Le modalità con cui l'artista può intervenire sono state ampiamente discusse. E altrettanto chiara dovrebbe apparirvi la trasformazione dell'esperienza che questo intervento opera: una situazione familiare, consueta, giudicata priva d'imprevisti si trasforma repentinamente in una situazione imprevedibile e perturbante. E' come se sul piano levigato su cui scivola quotidianamente, senza trovare appigli, la nostra esperienza, si aprisse all'improvviso un crepaccio che la inghiotte, nel corpo di un oggetto che, gettata la maschera dell'utensile, torna a costituire un problema.
Messi in chiaro il dove ed il come, si delinea la possibilità di ricavare una ulteriore, interessante, risposta. Intravvediamo cioè quella che probabilmente è la ragione profonda dell'arte, la natura del bisogno primario, della domanda che la precede nel corpo sociale.
Il bisogno fisiologico dell'uomo di sottrarsi ad una esistenza automatizzata, pianificata nei minimi dettagli, scevra d'imprevisti, cristallizzata nelle stereotipie e nella ripetizione passiva dei comportamenti di massa.

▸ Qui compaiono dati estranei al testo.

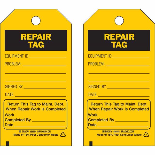 This is manufactured by Brady Corporation. The manufacturer part number is 86434. Label with a size of 5.75" l x 3.00" w (146.0mm x 76.2mm). The product is rohs3 compliant. It has a classic black legend, yellow background colour. The product brady®, is a highly preferred choice for users. The product is made from highly stable and reliable polyester. In addition, it is reach unaffected. Its typical moisture sensitivity level is not applicable. In addition, bulk is the available packaging type of the product. A bespoke label is a repair tag. equipment id. problem. signed by. date. return this tag to maint. dept. when repair work is completed work completed by. date. label. It has a long 4 weeks standard lead time. The brady corporation's product offers user-desired applications.

Ed è esattamente questa, la tendenza involutiva della nostra civiltà, che i grandi utopisti negativi della prima metà del secolo – Orwell, Zamjatin e Huxley – hanno individuato e denunciato nei loro apocalittici romanzi, qualcosa forse di più terribile della stessa peste atomica.
Ma oggi, se permettete, è la stessa cronaca che comincia a dar corpo alle profezie letterarie. In tutte e tre le citate anti-utopie troviamo infatti un dato costante: il soggiogamento e lo svuotamento dell'eros, attraverso la sua rigida pianificazione, la sua degradazione a compito di routine.
Bene, la cronaca ci sbatte oggi in faccia l'annichilente progetto dell'assessore all'Urbanistica di Napoli, quel suo “parco dell'amore”, geometricamente ordinato in piazzole, separate l'una dall'altra da siepi, zelantemente sorvegliate da solerti guardiani e magari, chissà, anche con un disco orario che limiti il tempo di permanenza...
L'arte, a fronte di questa tendenza involutiva, si profila come l'unico anticorpo potenzialmente efficace. A patto, sia chiaro, di darsi nuove regole, di mutare le sue procedure, rifiutando qualsiasi riserva, qualsiasi ghettizzazione in luoghi previsti e deputati, per attraversare continuamente, imprevedibile ed imprevista, l'ordinario quotidiano.
Solo così essa sarà in grado di assolvere pienamente alla sua funzione: produrre deviazioni dalle norme, produrre, in definitiva, comportamenti creativi.
(1) Prima di me Falci, Fontana e Modica avevano presentato le loro relazioni.